The only reason people could possibly disagree with Electronic voting machines is because "Luddite", and not because there has been a long history of corruption made-easy by these devices.

Since this is the 2nd article in as many days on the same subject, basic math shows that there is no benefit in safety using a Phone vs. an ATM card. Both are a single point of failure, protected by a simple PIN (and last I checked Phones don't require PIN numbers). TFA hints at it: The majority of theft from ATM is by physical attack. It is not easy to install skimmers in reputable places, but it's pretty easy to stick a gun in someone's back and tell them to make a cash withdrawal. You won't hear much about the robbery stuff, small does not generate ratings or help the narrative along.

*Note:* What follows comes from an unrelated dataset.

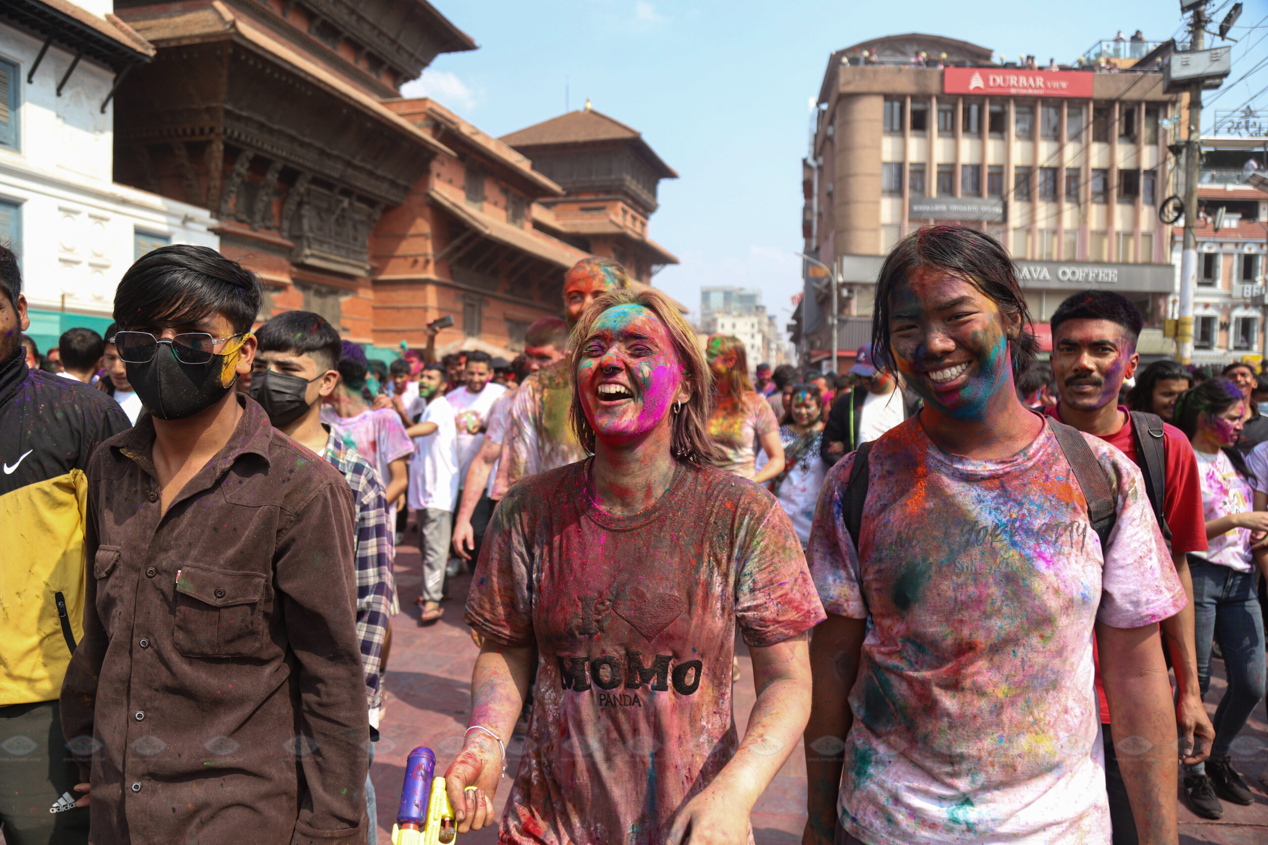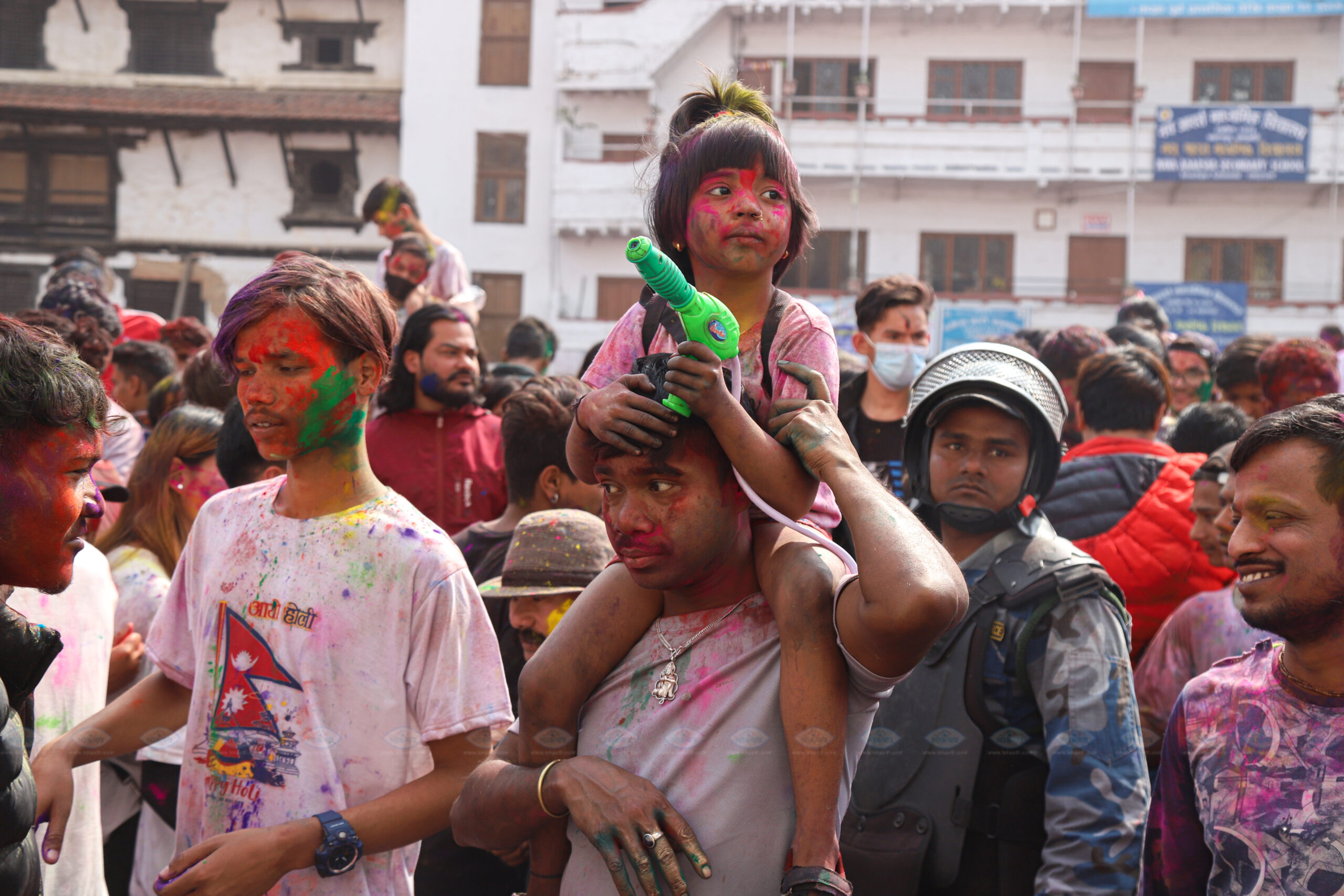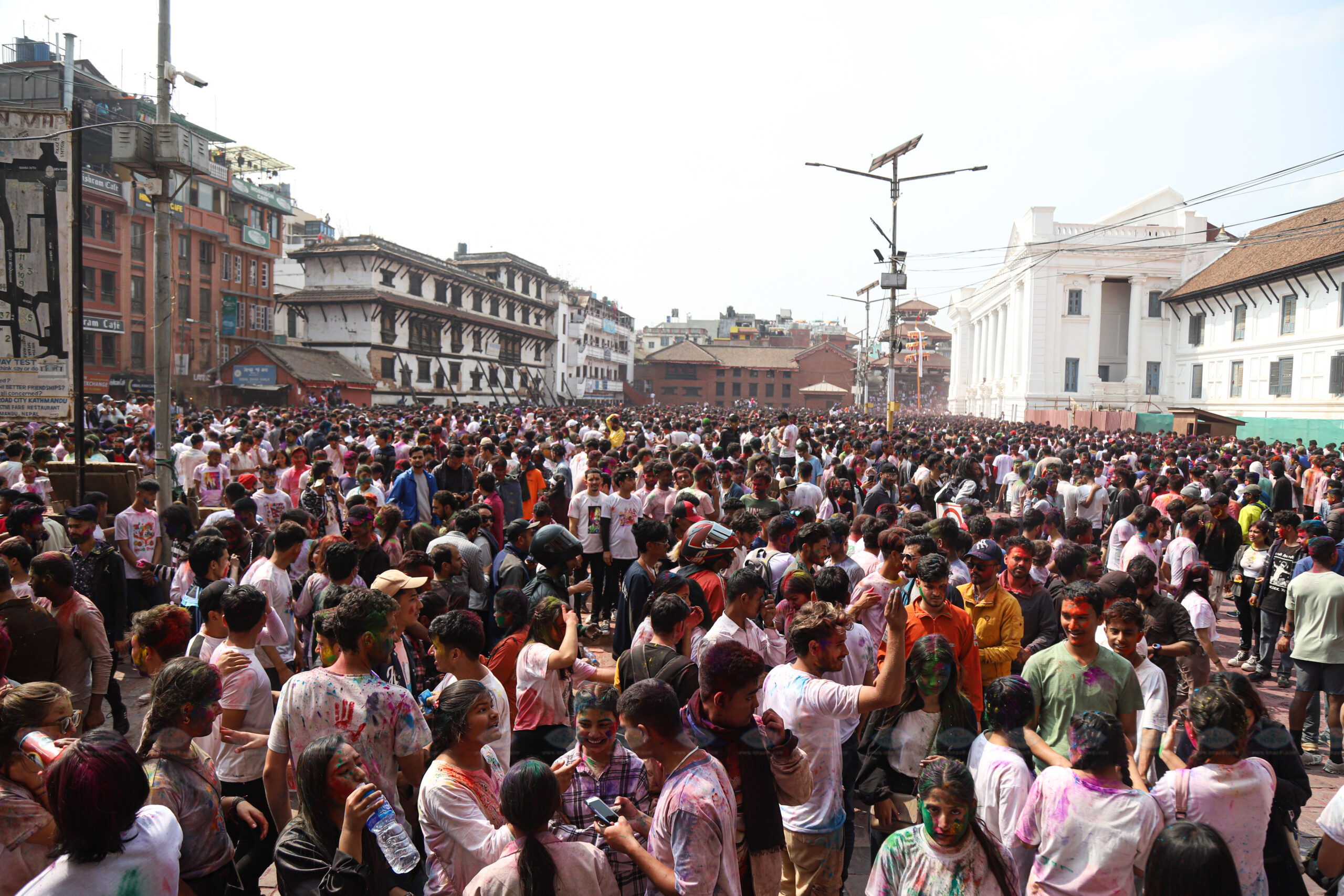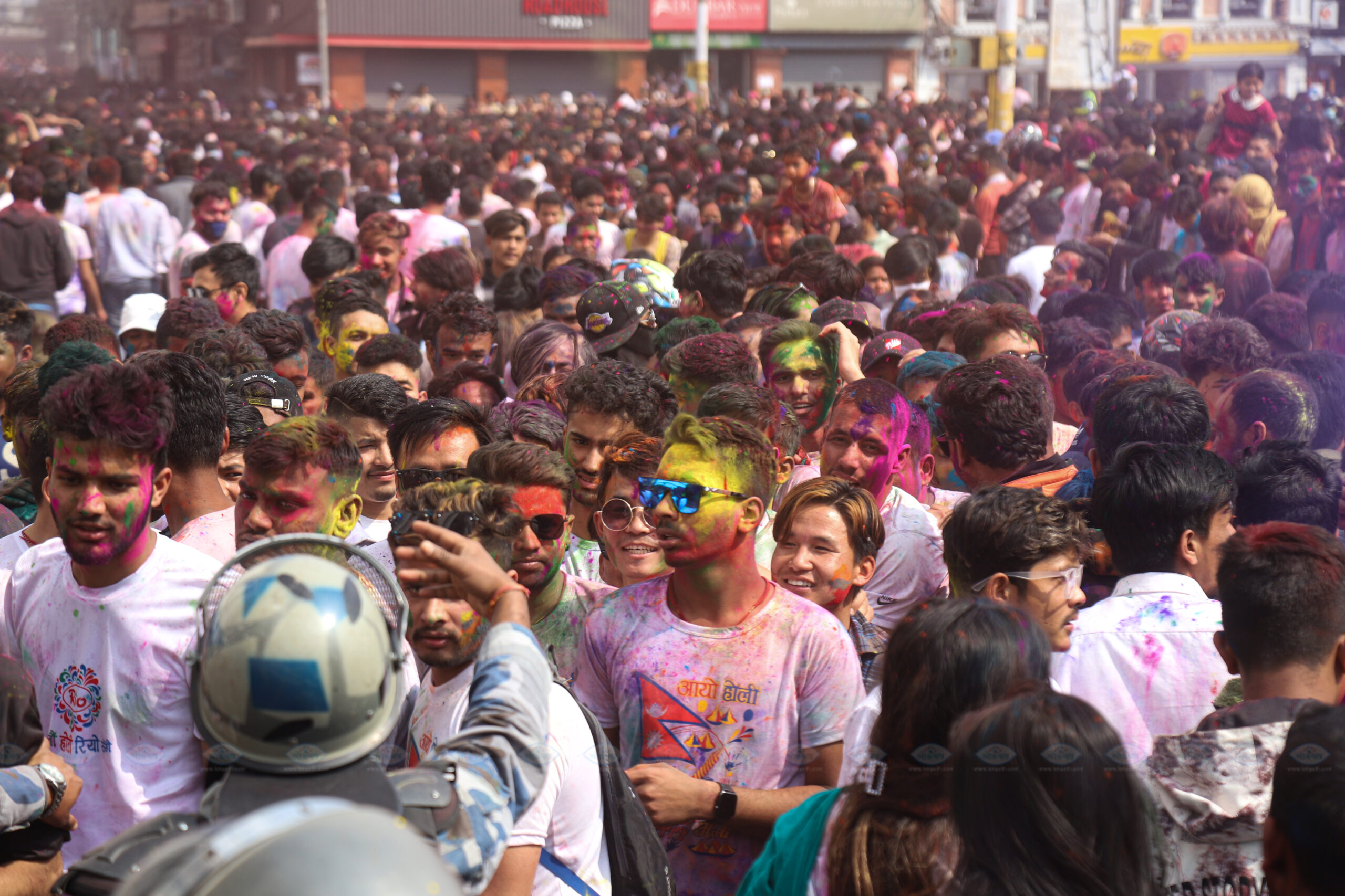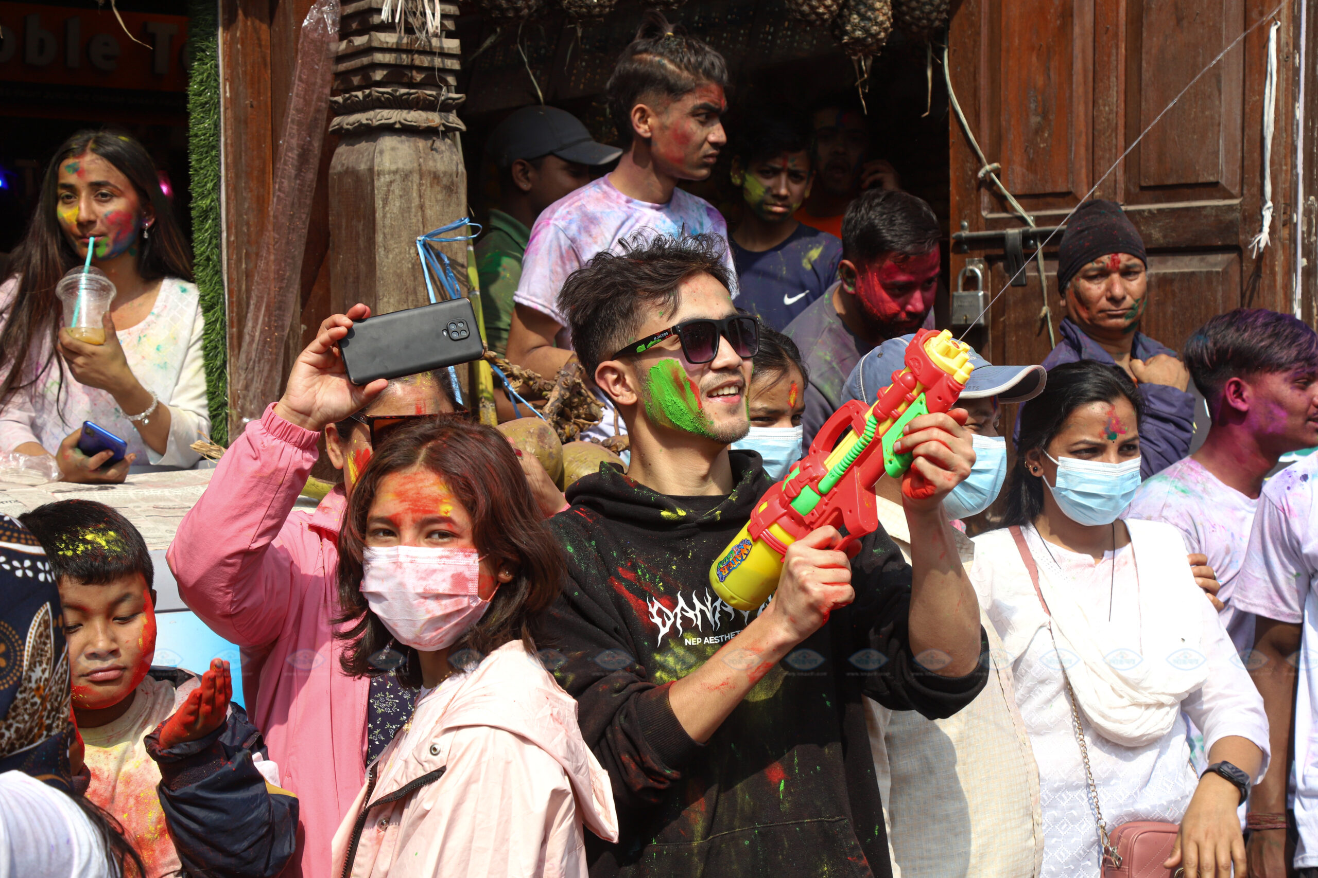 सो क्रममा काठमाडौंको वसन्तपुरमा होली खेल्नेहरुको ठूलो भिड लागेको थियो । नेपाल घुम्न आएका पर्यटकहरु समेत होलीको रौनकमा रमाएका छन् ।

You increase security by distributing the attack surface and minimizing exposure. Using a phone to generate/receive a timed PIN for your ATM card would be more secure.

I would rather not tie bio metric data to the verification, and, it can not be checked effectively (consider how your body changes every time you eat something different, or use a different soap, etc..etc..). Too many things can go wrong with that, and again you are only changing the surface not extending the surface. "I have, I know" simply becomes "I have, I am".

Re:actually it is really easy

[Cro+Magnon]

If you're an American and not working for the authorities, you're already "tagged" by the government for observation as a suspected criminal.
No action is required on your part for this, so there is little point in letting it stop you from using bitcoin.

I don't believe that's true. I'm pretty sure that even if you ARE working for the authorities, you're under suspicion by our beloved government.